Hollis’s Brew Log

Making many meads in Meridian, and writing it down

Batch #002+oak: Cordial Mead, Oaked

Batch Size
1 gal
Starting Gravity
1.132
Final Gravity
1.012
Approximate ABV (before backsweetening)
15.75%

A branch off of my second batch, sitting on oak chips.

Most Recent Update

Bottled, finally

Whoops, this is probably way too long to let the mead sit on oak. That said, it’s not bad, you’ve just gotta like some oak. It starts and finishes very pleasantly—blending from floral and aromatic into vanilla notes with a little bit of wood—but there’s a stop off at a harsh and slightly bitter place in the middle.

It’s also much drier than I’d expected! The other half of the batch stalled off for so long, I’d just assumed that the whole thing was done.
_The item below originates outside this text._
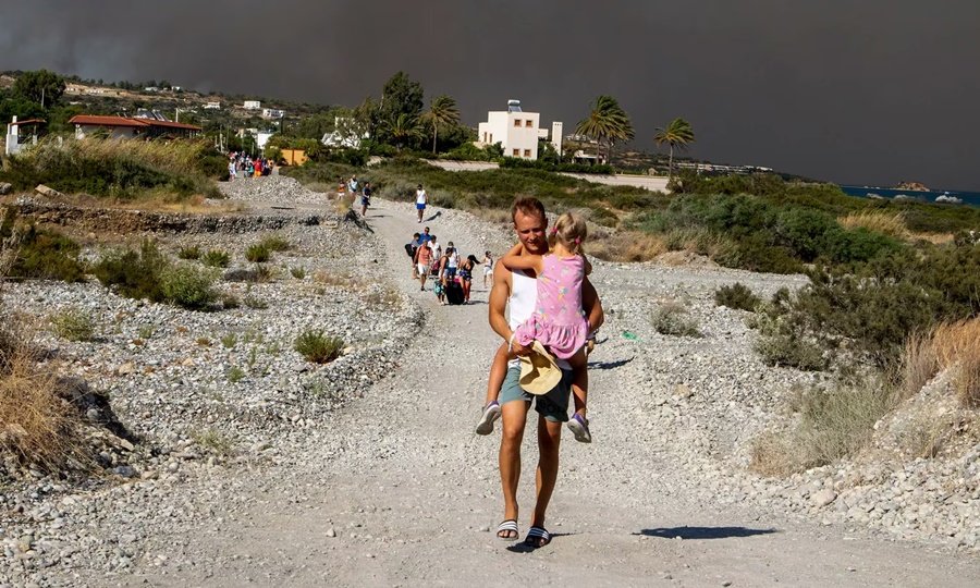 Miles de personas fueron evacuadas de sus hogares y hoteles en Rodas, Grecia, después de que los incendios forestales arrasaran grandes áreas de la isla.

But I never stabilized this half because it was aging in a vessel with an airlock, and I guess at some point my yeast friends woke up! Measured the gravity at 1.012.

The plan:

While I’m not happy with that harsh middle, a friend suggested blending with the parent, and that did a lot to smooth things out without making it too sweet. I’m going to give the mead 6 months in a bottle and see if it improves on its own. If it does, great! But if not, I’m reserving a bottle of the extra cordial for blending, and I’ll crack them open, blend to taste, and re-bottle.

Full Log

Split the batch and add oak

  • ~1 gal mead from batch #002
  • 3 oz medium toast French oak chips

Boiled the oak chips and a brew bag to sterilize them. Added the bagged oak chips to a 1-gallon carboy and syphoned some mead over the top.

Bottled, finally

Whoops, this is probably way too long to let the mead sit on oak. That said, it’s not bad, you’ve just gotta like some oak. It starts and finishes very pleasantly—blending from floral and aromatic into vanilla notes with a little bit of wood—but there’s a stop off at a harsh and slightly bitter place in the middle.

It’s also much drier than I’d expected! The other half of the batch stalled off for so long, I’d just assumed that the whole thing was done. But I never stabilized this half because it was aging in a vessel with an airlock, and I guess at some point my yeast friends woke up! Measured the gravity at 1.012.

The plan:

While I’m not happy with that harsh middle, a friend suggested blending with the parent, and that did a lot to smooth things out without making it too sweet. I’m going to give the mead 6 months in a bottle and see if it improves on its own. If it does, great! But if not, I’m reserving a bottle of the extra cordial for blending, and I’ll crack them open, blend to taste, and re-bottle.